Sep 0.2.3 - .NET 8 and AVX-512 Preview
Since Sep 0.2.0 - Even Faster Parsing (~10 GB/s on Zen 3) and More, there have been a few minor releases of Sep. I will cover those in this post with a focus on preview .NET 8 AVX-512 support and related performance improvements.
Release Notes
- Sep 0.2.1
- Reduce row count in comparison benchmarks for faster runs. Reduces memory bandwidth impact so better shows code optimization efforts.
- Sep 0.2.2
- Add
Reader(...)/Writer(...)
extension method overloads withconfigure
. Fixes issue How to create reader with separator and options? reported by nwiman, thanks!
- Add
- Sep 0.2.3
- Add preview .NET 8 support with AVX-512 parsing and add benchmark results to git incl. Intel Xeon Silver 4316 with AVX-512 results.

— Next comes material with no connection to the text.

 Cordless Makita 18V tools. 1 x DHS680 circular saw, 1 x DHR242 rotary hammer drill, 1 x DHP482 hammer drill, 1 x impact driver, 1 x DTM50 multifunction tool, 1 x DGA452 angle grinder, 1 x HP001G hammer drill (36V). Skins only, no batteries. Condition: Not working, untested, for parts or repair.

- Performance improvements range from minor 1.05x-1.10x to some very impressive ~1.5x improvements for float parsing in .NET 8.

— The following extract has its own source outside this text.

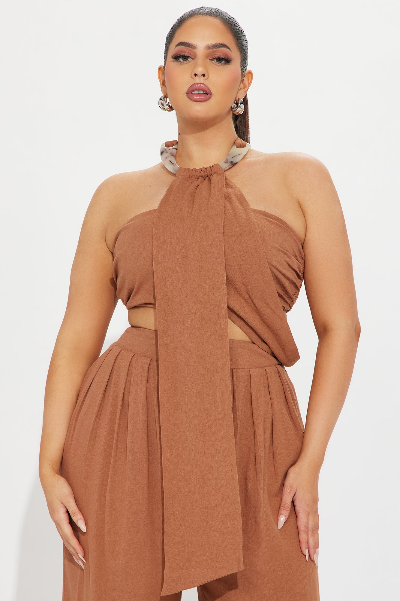 Available In Mocha And Olive. Pant Set Halter Top Hardware Detail Draped Smocked Back Wide Leg Pant Partial Elastic Waistband Pockets Invisible Zipper Non Stretch 31" Inseam Self: 100% Rayon Lining: 100% Polyester Imported |

.NET 8 and AVX-512 Benchmark Results
For detailed benchmarks see GitHub and the new
benchmarks
directory that contains BenchmarkDotNet outputs for each hardware
platform that I have access to and have benchmarked (only the 4316 has AVX-512):
AMD 5950X
X64 Platform Information1 2
OS=Windows 10 (10.0.19044.2846/21H2/November2021Update) AMD Ryzen 9 5950X, 1 CPU, 32 logical and 16 physical cores
Intel Xeon Silver 4316
X64 Platform Information1 2 3
OS=Windows 10 (10.0.17763.3287/1809/October2018Update/Redstone5) Intel Xeon Silver 4316 CPU 2.30GHz, 1 CPU, 40 logical and 20 physical cores
Neoverse N1
ARM64 Platform Information (cloud instance)1 2
OS=ubuntu 22.04 Neoverse N1, ARM, 4 vCPU
And .NET runtimes:
- .NET 7.0.10 (7.0.1023.36312)
- .NET 8.0.0 Preview 7 (8.0.23.37506)
For this post I am going to focus on Sep results only and what improvements .NET 8 and AVX-512 appear to have. All details can be seen on GitHub incl. description of the different benchmarks.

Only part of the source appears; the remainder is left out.